As never before, I find myself appreciating the comforts and convenience of life in my suburban semi, where the landline is never more than three paces across the room, my specs are no further than a short flight of stairs away — and I don’t need a budget the size of Rishi Sunak’s to fix a rare problem with the plumbing or the roof.

Oh, and if I run out of cigarettes or milk, I don’t have to drive for miles along potholed dirt tracks and terrifyingly narrow country lanes to buy some more, only to find, all too often, that the local shops are shut.

Ungrateful

At home in the suburbs, it’s just a short walk down the hill to the 24-hour garage to stock up with more.

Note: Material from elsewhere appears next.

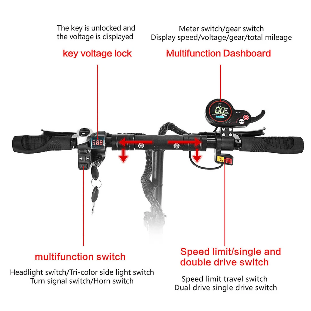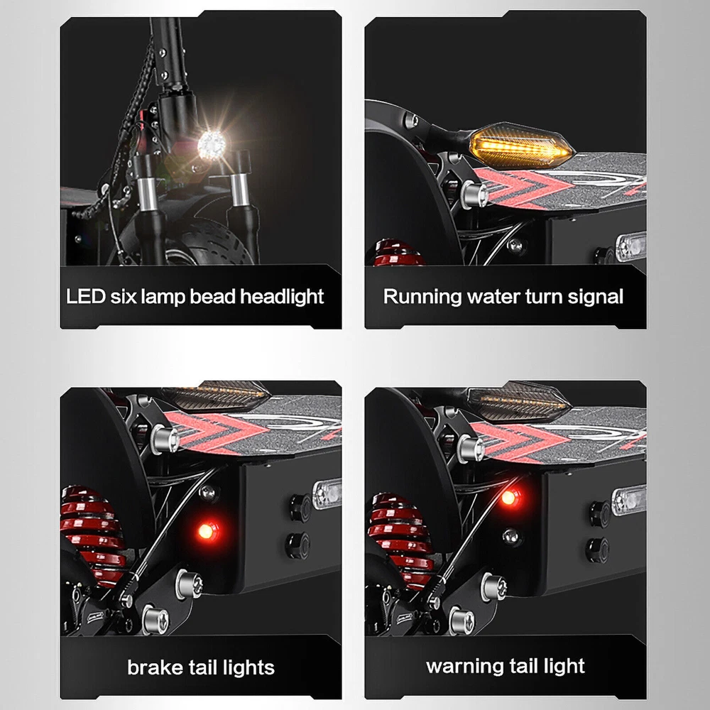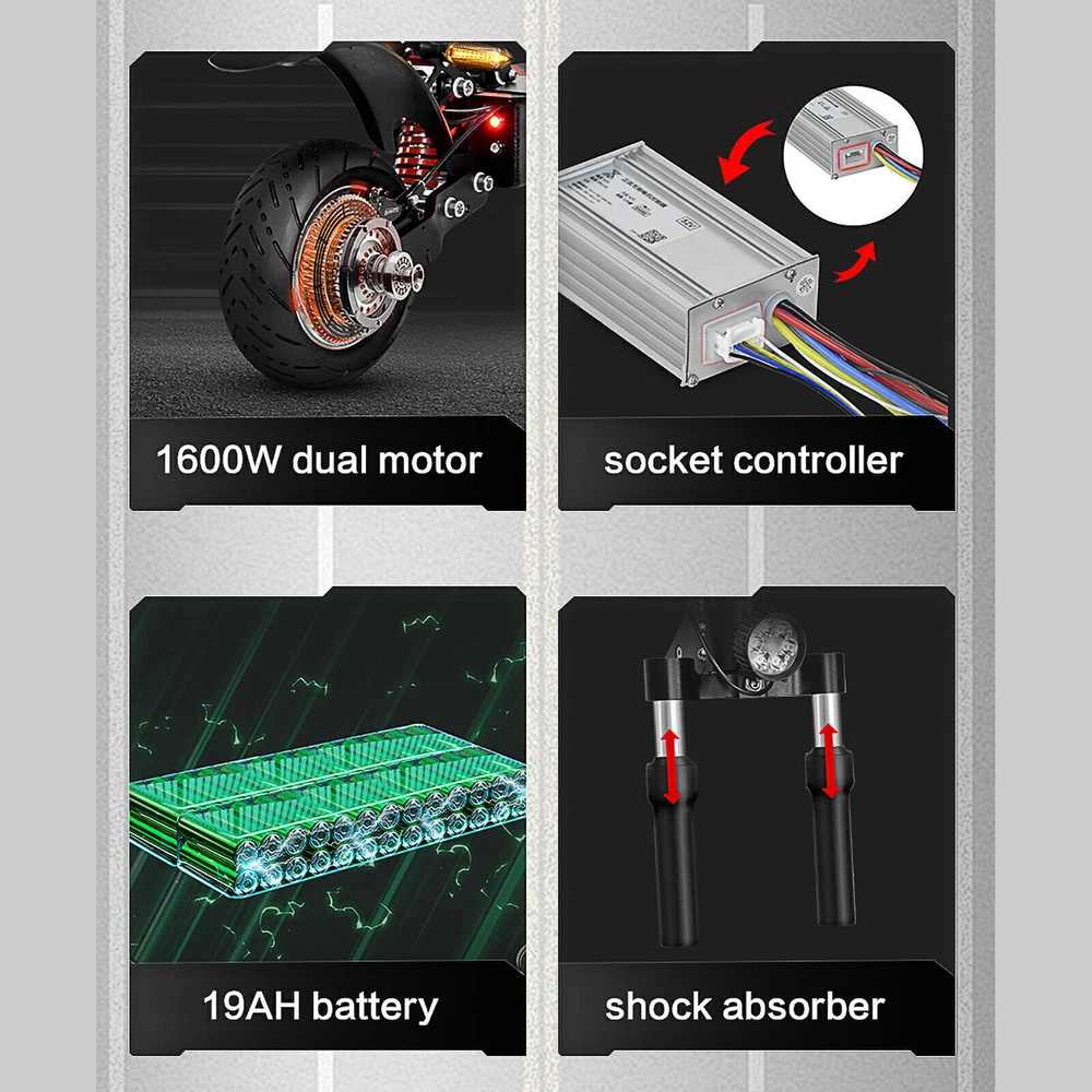 Description Scooter model: Q7Pro Battery capacity: 52V19A988Wh Motor high-speed motor: 2X1600W Tire type: dual-purpose tire, 10 inches in diameter and 90MM in width. Top speed (km/h): 70km/h. Cruising range (km): 60-70km Applicable terrain: highway, urban cross-country Boot equipment: voltage key lock Headlights: six-lamp bead headlights Charging: Double charging ports and single charger. Service temperature: above-30℃ Maximum climbing degree: 35 Brake type: hydraulic disc brake, brand: Dengfeng Body material: aluminum alloy Body color: main body black Maximum load-bearing capacity of car body (kg): 200kg. Pedal distance from the ground (cm): 17cm Pedal width x length: 22.5CMX53CM Front shock absorption: inverted long-distance hydraulic shock absorption Rear shock absorption: hydraulic shock absorption Controller: 52V28A*2 Packing box size (length, width and height cm): 128 x 30 x 56 cm Vehicle dimensions (mm in length, width and height): the unfolded dimensions are 116*22.5*102-120CM. Folding size (mm in length, width and height): folding size 123*22.5*46CM. Net weight (kg): 30.2kg. Gross weight (kg): 38.5kg. CE: yes FCC: Yes. ROHS: Yes. Other certifications: Yes Motor brand: Gionee Motor model: 10 inches. Rated voltage (V): 52V Rated power (W): 2 * 1600W Battery capacity (ah): 52 v 19 a 988 wh Rated voltage (V): 52V Charging input voltage (v): 58.8 v. Rechargeable times of battery: 1500 times Charging time (h): 4-5h Battery protection board: 60 years. Charger model: 58.8V3A Rated input voltage (V): 100-240 V. Rated output voltage (V): 58.8 V (1V) Rated current (a): 3.0A (0.2A) Controller type: integrated socket controller Working current (a): 28 1A Operating voltage (V): 52V Undervoltage (v): 42v Instrument type (LCD/LED/OLED): LCD. Instrument display parameters: Yes USB output interface: yes Gear: three gears are adjustable. Instruction: Yes. Charger: 58.8V3A charger X1 Seats: one set of seats Front bag: EVA black car 2L waterproof bag Other tools: Hexagon screwdriver set, chain lock, pump, mobile phone bracket. The package includes "vehicle *1, seat *1, charger *1, Hexagon screwdriver set *1, mobile phone bracket *1, 2L black EVA bag " Friendly Tips: 1.Due to the light and screen difference, the item's color maybe slightly different from the pictures. Please understand. 2.Please allow 1-2cm differences because of the manual measurement. Payment 1. We only accept payment through Payoneer. 2. Please make sure you have a valid account prior bidding. 3. Please pay for your item within 7 days after you order. Shipping 1. Buyer take responsibility in import / tax cost (not included in item price) 2. Pls contact with us to confirm extra cost if you need to upgrade the shipping option 3. If there's any concern about shipping, pls contact with us for further confirmation Return Policy 1. Refund or Replacement request is available within 30 days after parcel received and returning the item as the same condition as received. Please contact us to request a return authorization. Your name, auction number, and reason for return should be included in the message. 2. All items returned must contain all original packaging materials. Please repack the item carefully. Items returned will be tested and a new replacement will be shipping to buyer punctually. 3. In the event that a suitable replacement is not available then a refund will be issued. Shipping, handling and insurance fees are non-refundable. 4.If the item was found non-defective, the item will be sent back to buyer at buyer's expense. Items returned without authorization will be refused and returned to sender/buyer. 5. Buyer pay the shipping cost if the item damaged artificially, or buyer say "not like it", "size/color was different per they imaginary", etc. Contact us Please contact us via ebay message any time, all questions will be replied within 12 working hours. Customer Support Online : 9:00am - 22:00pm (GMT +8) Everyday

But I mustn’t sound ungrateful. Hilles — with its lovingly tended 1,000-acre estate — is a wonderful house, built on a promontory commanding views over five counties. I count it an immense joy and privilege to have been given the run of it this week.

Indeed, there’s nothing quite like the experience of waking up in our four-poster in the Primavera Room, with the sunlight falling on the huge tapestry of Botticelli’s masterpiece, hanging on the wall opposite the bed.

With its theatrical decor, panoramic views and huge rooms designed for entertaining, I can’t recommend it too strongly as a wedding venue (our absent friend Detmar’s latest venture in the struggle to keep the estate afloat).

If I run out of cigarettes or milk, I don't have to drive for miles along potholed dirt tracks and terrifyingly narrow country lanes to buy some more, only to find, all too often, that the local shops are shut [File photo]

If I run out of cigarettes or milk, I don’t have to drive for miles along potholed dirt tracks and terrifyingly narrow country lanes to buy some more, only to find, all too often, that the local shops are shut [File photo]

Heaven knows how he’s been making ends meet during the lockdown but, God willing, couples will be queuing up to tie the knot in this most spectacular of settings once our freedom to live and love is finally restored.

Meanwhile, I may owe another huge debt to my friend’s generosity.

Like so many others during lockdown, as regular readers may recall, Mrs U has been hatching dastardly plans to uproot us and move to the countryside.

Fabulous though it is to be in Gloucestershire for a few days, I have an inkling that even she may be coming to appreciate the comforts and convenience of our suburban home.